BEA Acquisition Thoughts
You may not be surprised to me hear me say this but I am really excited by Oracles recent acquisition of BEA, expected to complete in October of this year. If you haven't read about it yet then here is the official Oracle announcement and press release. On Wednesday Larry and Alfred took to the phone to explain the move to analysts (see transcript). Already the pundits are giving their views which are generally positive. Below are a few views I found on the net.- Oracle Needs to Settle on a Growth Strategy Following BEA Acquisition
- What does Oracle's BEA acquisition mean to customers?
- The SOA implications of Oracle's BEA purchase
- Buy buy BEA - hello Oracle!
- Firstly the combination of BEA and Oracle will really give IBM something to worry about in the middleware space, the combined company and product stack will show superiority over IBM in almost every area of middleware.
- Secondly the combination will provide a Java middleware powerhouse that will increasingly carry the fight to .Net, particularly in the user experience area.
- Thirdly it removes the chance of SAP buying BEA (I know they are chalk and cheese in philosophy and management styles but it was still a worry).
- Synergies will be easy to find. Both BEA and Oracle have a strong standards focus. It took Thomas Kurian to get Oracle Middleware firmly onto a standards based view of the world, but it is now there. BEA has always had a strong standards based approach in its WebLogic range. Because of these standards based appproaches key pieces of Fusion Middleware already run on the WebLogic, providing customers with lots of ways to rapidly combine the best of both Oracle and BEA middleware. It will also enable the engineering teams to share a lot of functionality across what will probably become convergent platforms.

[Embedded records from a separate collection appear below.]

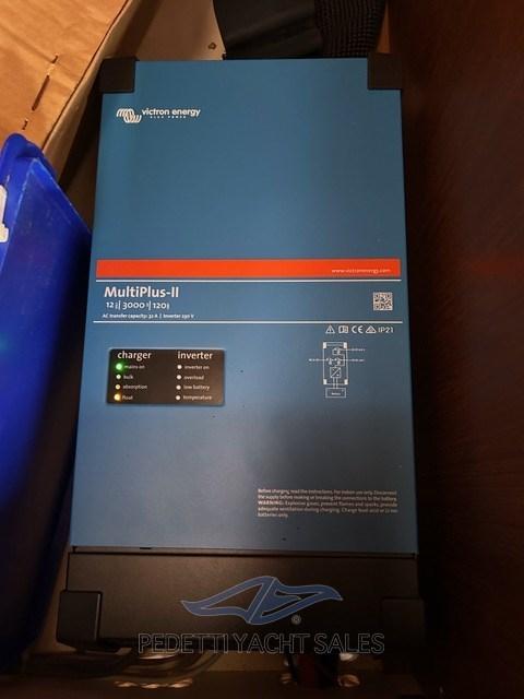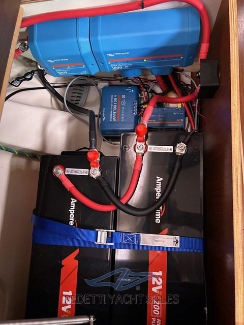 Alarme gaz, Alarme moteur, Alarme de pompe de cale, 2 Eau sous pression (Doppia autoclave), 4 Batteries (AGM 105 amp 2024), Chargeur de batterie (Victron Energy 2024), Câble d’alimentation à quai, Douche de cockpit, Hélice de rechange, Lavage de chaine, Spots sous-marins (Ocean led), Moniteur de batterie, 2 Panneau solaire (200 W), Passerelle (Carbonio), 3 Pompe de cale automatique, Cockpit en teck (Flexiteak), Prise de quai, Connexion eau sous pression à quai, Rollbar, Guindeau électrique, Gréement Rod, Echelle de bain, Chaise support HB, table de cockpit, 4 Winch, Windex.
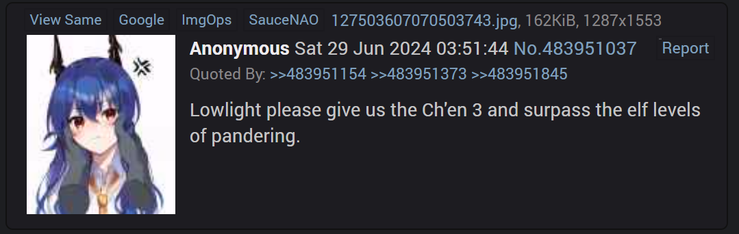 >>556468821There's a risk that a 2nd alt, especially from Ch'en of all people will cause controversy. By making her standard HG is playing it safe. People tend to consider the limited the main prize and may let it slide even if they don't like the standard. Also avoid triggering Suifags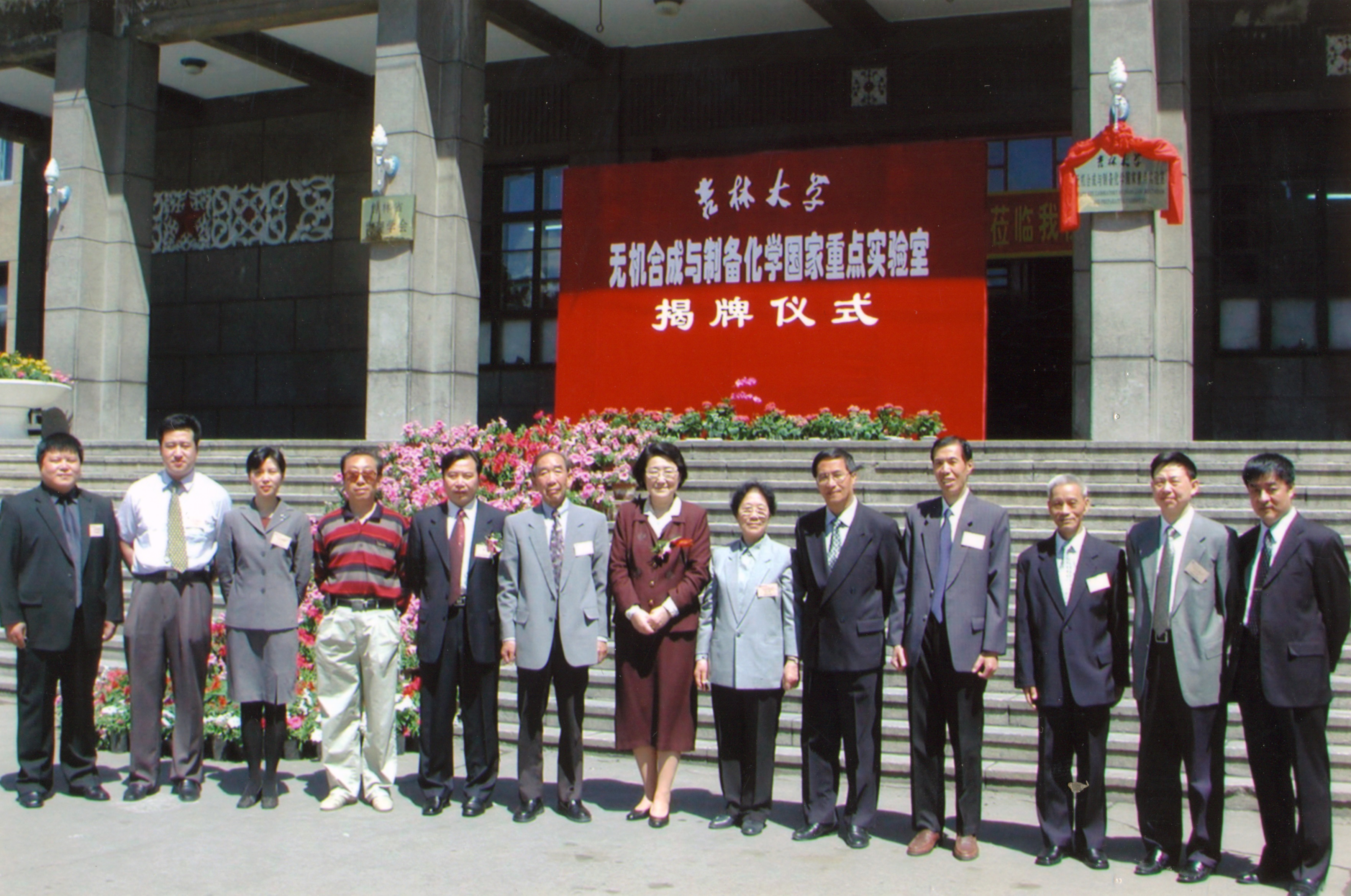 图17:2001年5月,在伟德国际victor1946举行无机合成与制备化学国家重点实验室揭牌仪式(前排左起:薛亦深、丁世海、于吉红、付国良、冯守华、徐如人、刘淑莹、庞文琴、吴通好、李连生、徐翊华、肖丰收、程树海)
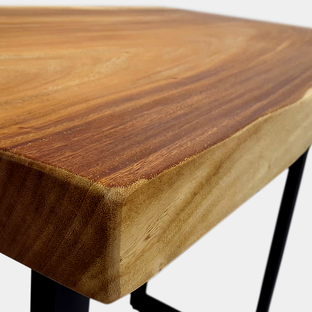 Made from one solid block of suar wood with a thickness of 6 cm, this majestic side console table with its minimal design relies on the natural colour and uniqueness of suar wood. Combined with simple yet sturdy powder-coated iron legs.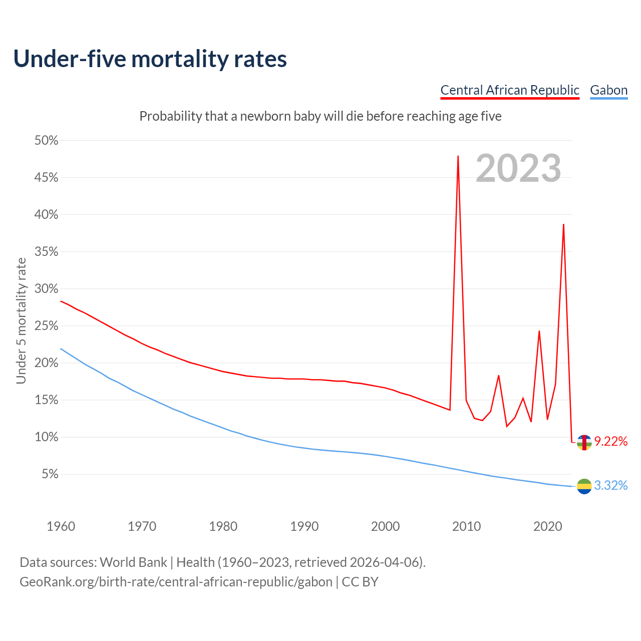 The chance that a newborn baby will die before reaching age five is 9.22% in the Central African Republic and 3.32% in Gabon. Above is a chart with historical data on under-five mortality rates.

- Fusion Middleware has a "hot-pluggable" approach that allows components to be mixed and matched. The acquistion of BEA will give a new impetus to making sure that "hot-pluggable" is easy and provides a mechanism
- From a purely selfish view it will let Oracle focus on its two main midleware competitors - Microsoft and IBM.
Disclaimer - these are my own views and not those of Oracle Corporation.